▶ [Task item] Although the data below holds other lines too, output only those from the line with "This simple design" up to and including the line with "مشروع بوابة مدخل", exactly as they appear.

▶ [Information given]
= Beginning of Section =

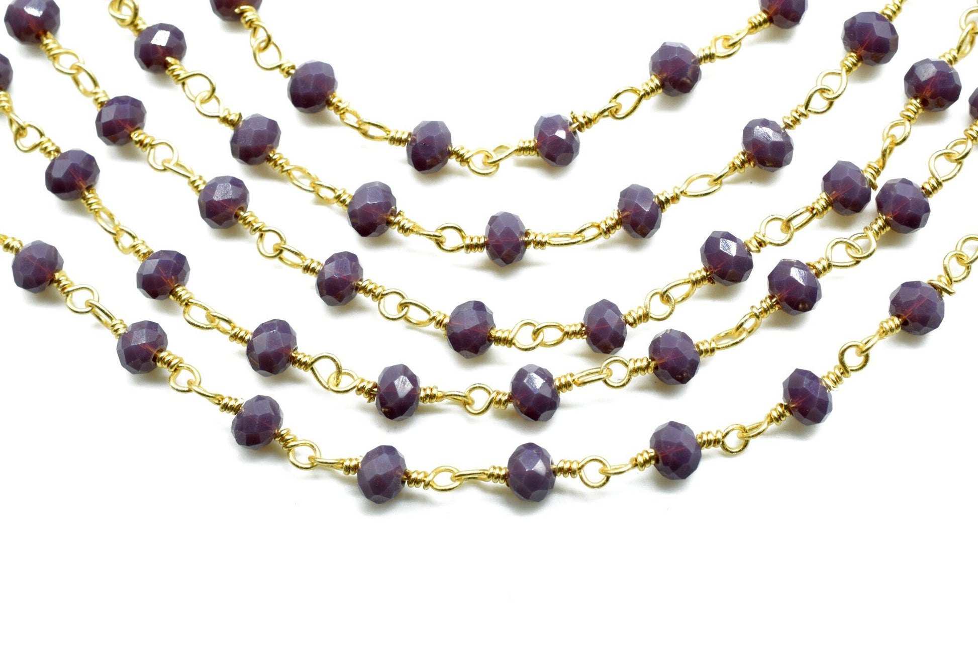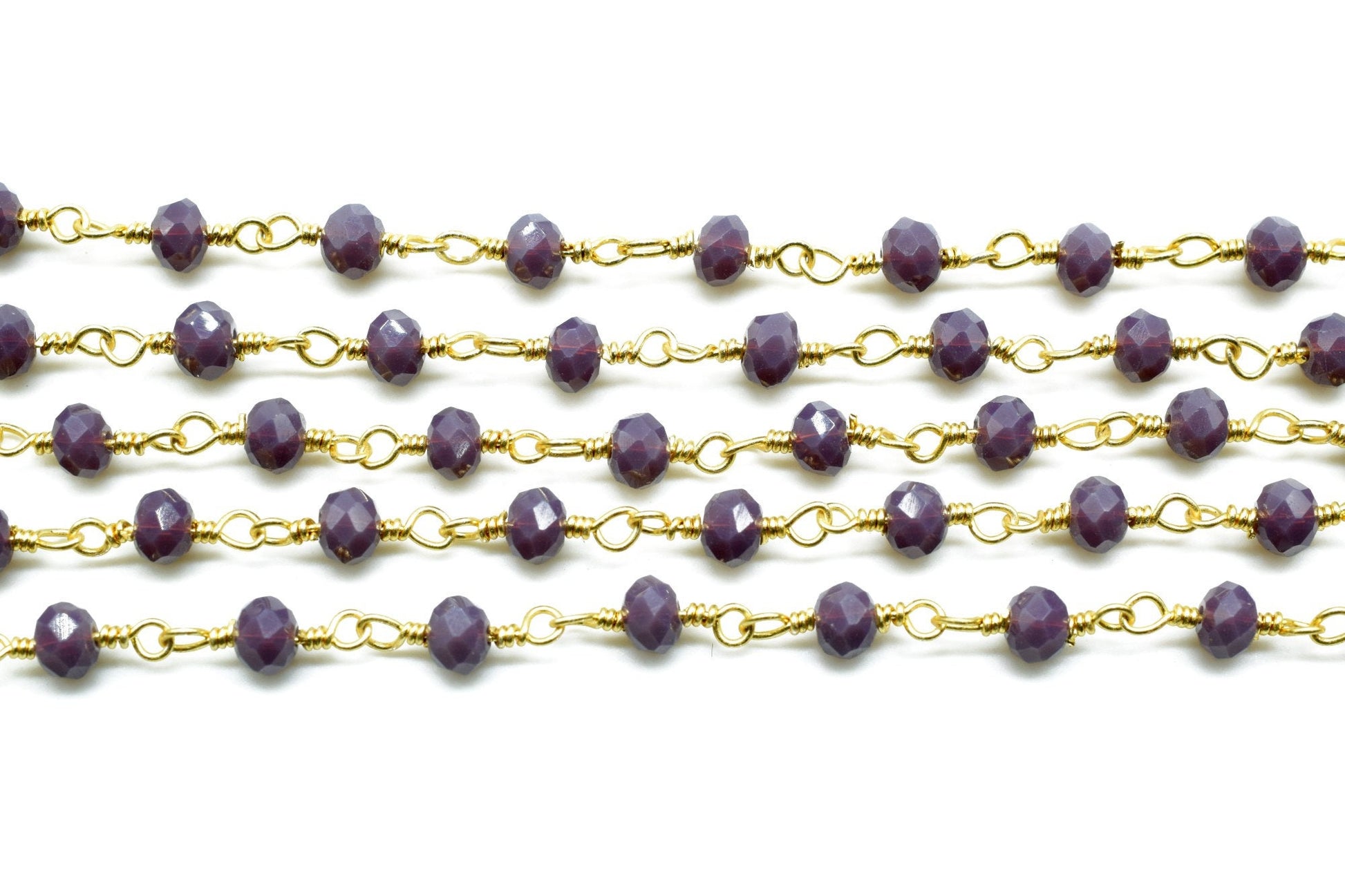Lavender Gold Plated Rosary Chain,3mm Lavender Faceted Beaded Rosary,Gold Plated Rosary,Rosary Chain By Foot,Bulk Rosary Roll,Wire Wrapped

= End of Section =
= Beginning of Section =

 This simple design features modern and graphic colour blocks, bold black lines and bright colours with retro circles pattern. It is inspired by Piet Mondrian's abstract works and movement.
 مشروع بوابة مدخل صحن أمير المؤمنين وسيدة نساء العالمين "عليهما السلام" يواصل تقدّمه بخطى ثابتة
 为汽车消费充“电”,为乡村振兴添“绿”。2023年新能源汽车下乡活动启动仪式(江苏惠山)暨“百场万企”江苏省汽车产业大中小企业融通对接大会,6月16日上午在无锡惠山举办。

= End of Section =
= Beginning of Section =

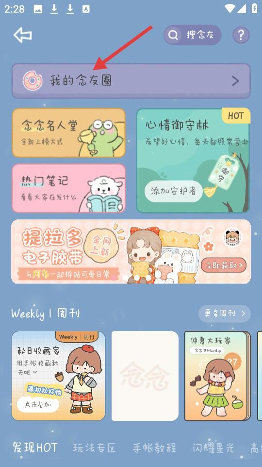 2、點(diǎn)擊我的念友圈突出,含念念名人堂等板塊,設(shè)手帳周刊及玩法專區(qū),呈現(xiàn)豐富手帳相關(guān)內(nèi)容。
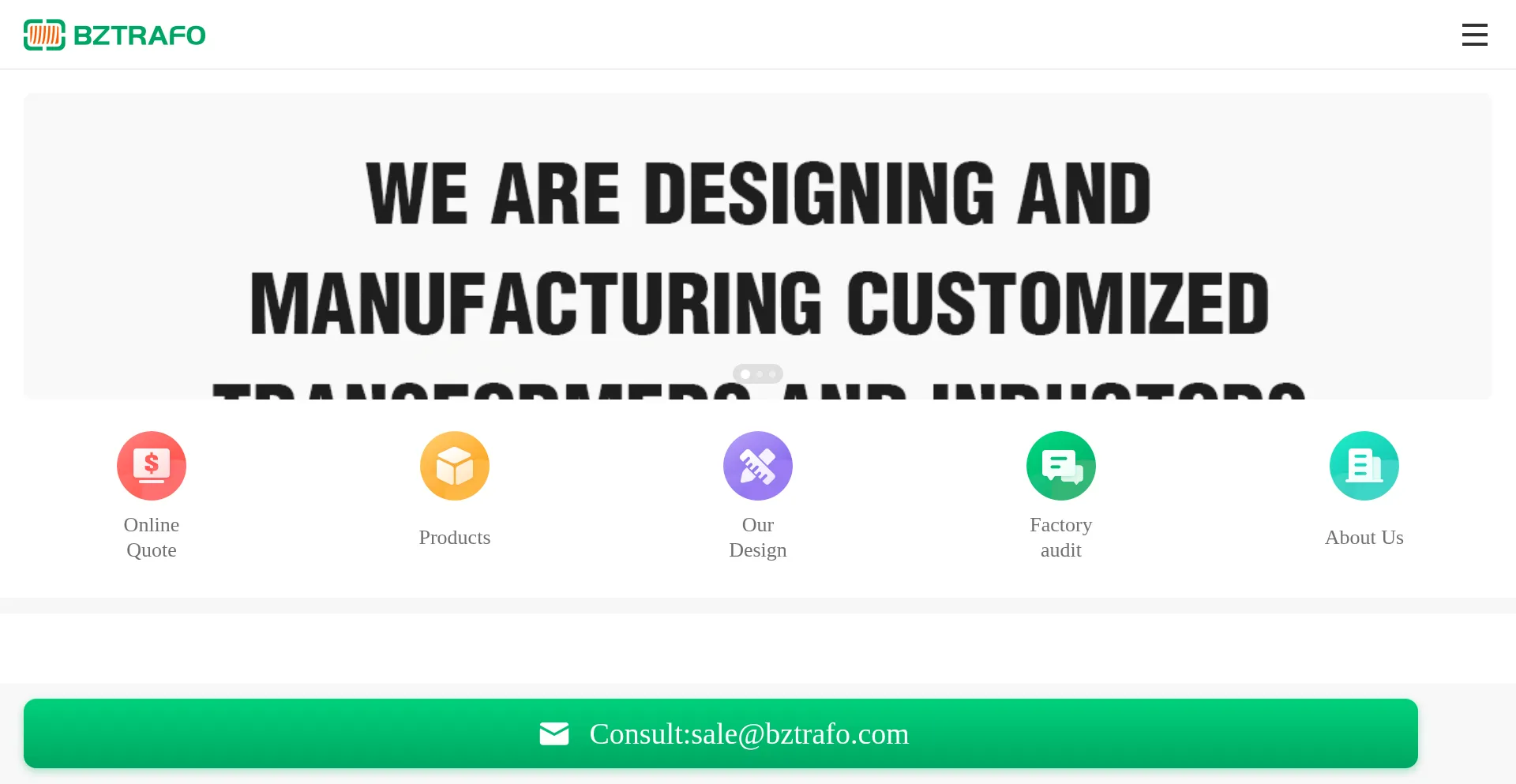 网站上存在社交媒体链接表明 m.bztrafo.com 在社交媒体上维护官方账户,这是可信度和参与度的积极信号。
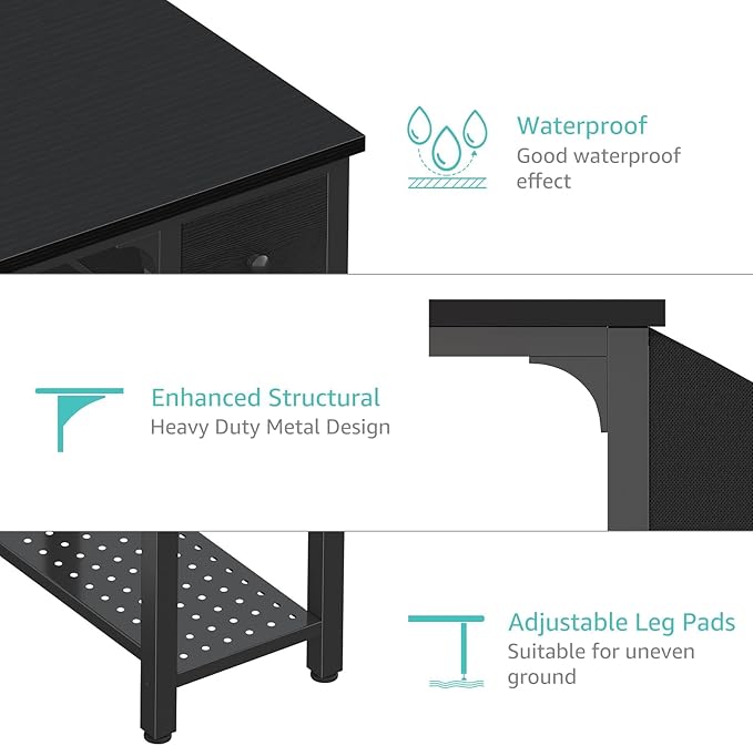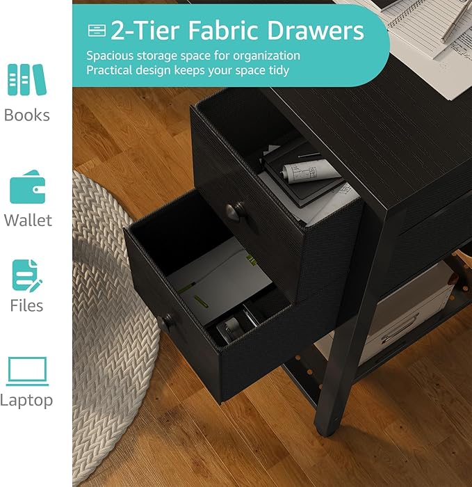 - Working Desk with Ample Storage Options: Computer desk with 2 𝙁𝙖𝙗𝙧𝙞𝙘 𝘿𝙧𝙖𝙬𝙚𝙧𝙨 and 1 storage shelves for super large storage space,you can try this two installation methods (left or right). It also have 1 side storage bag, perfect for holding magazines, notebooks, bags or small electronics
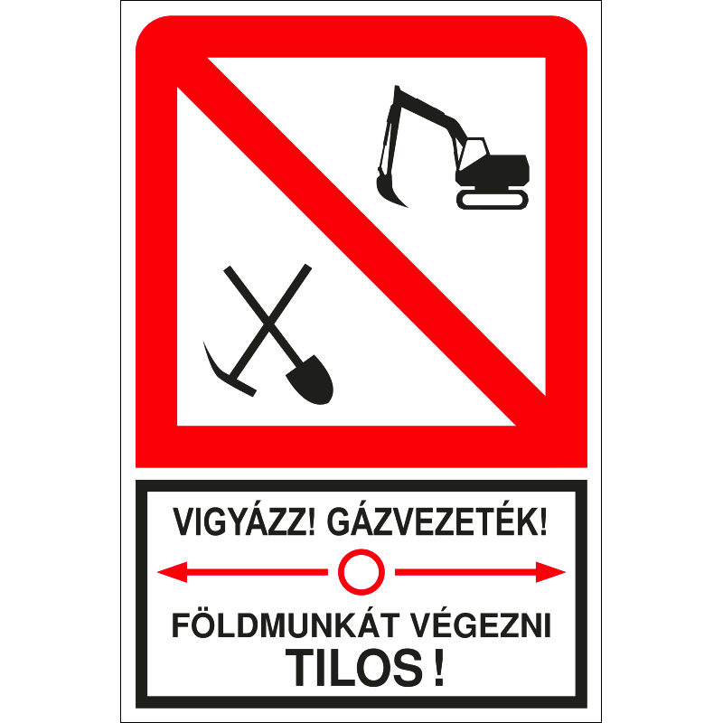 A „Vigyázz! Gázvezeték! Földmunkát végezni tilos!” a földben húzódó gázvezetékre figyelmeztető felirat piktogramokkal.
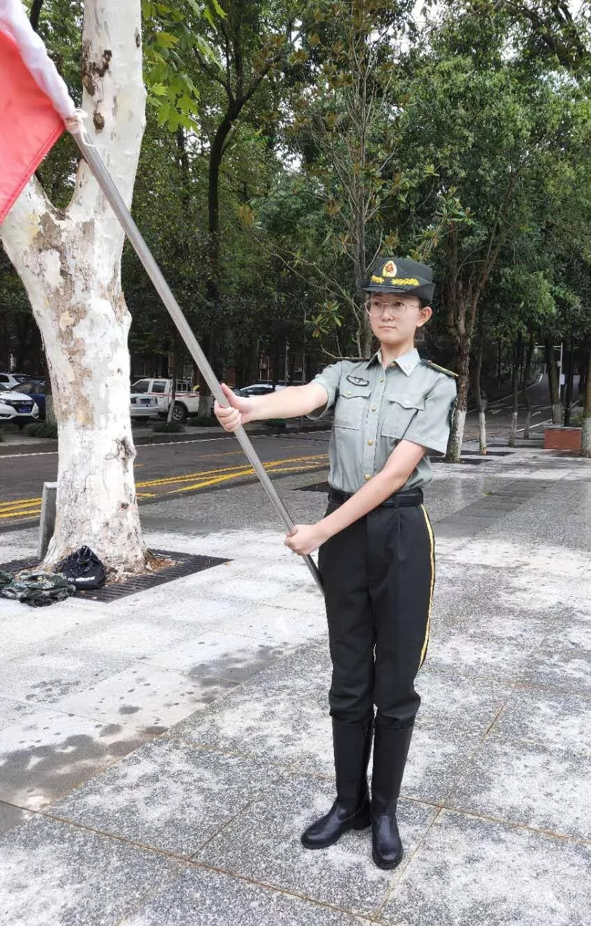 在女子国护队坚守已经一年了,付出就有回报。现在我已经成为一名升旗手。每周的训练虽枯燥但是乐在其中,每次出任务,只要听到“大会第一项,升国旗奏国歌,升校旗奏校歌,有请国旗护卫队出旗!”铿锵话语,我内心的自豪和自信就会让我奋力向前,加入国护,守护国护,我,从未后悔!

= End of Section =

▶ [Answer section]
 This simple design features modern and graphic colour blocks, bold black lines and bright colours with retro circles pattern. It is inspired by Piet Mondrian's abstract works and movement.
 مشروع بوابة مدخل صحن أمير المؤمنين وسيدة نساء العالمين "عليهما السلام" يواصل تقدّمه بخطى ثابتة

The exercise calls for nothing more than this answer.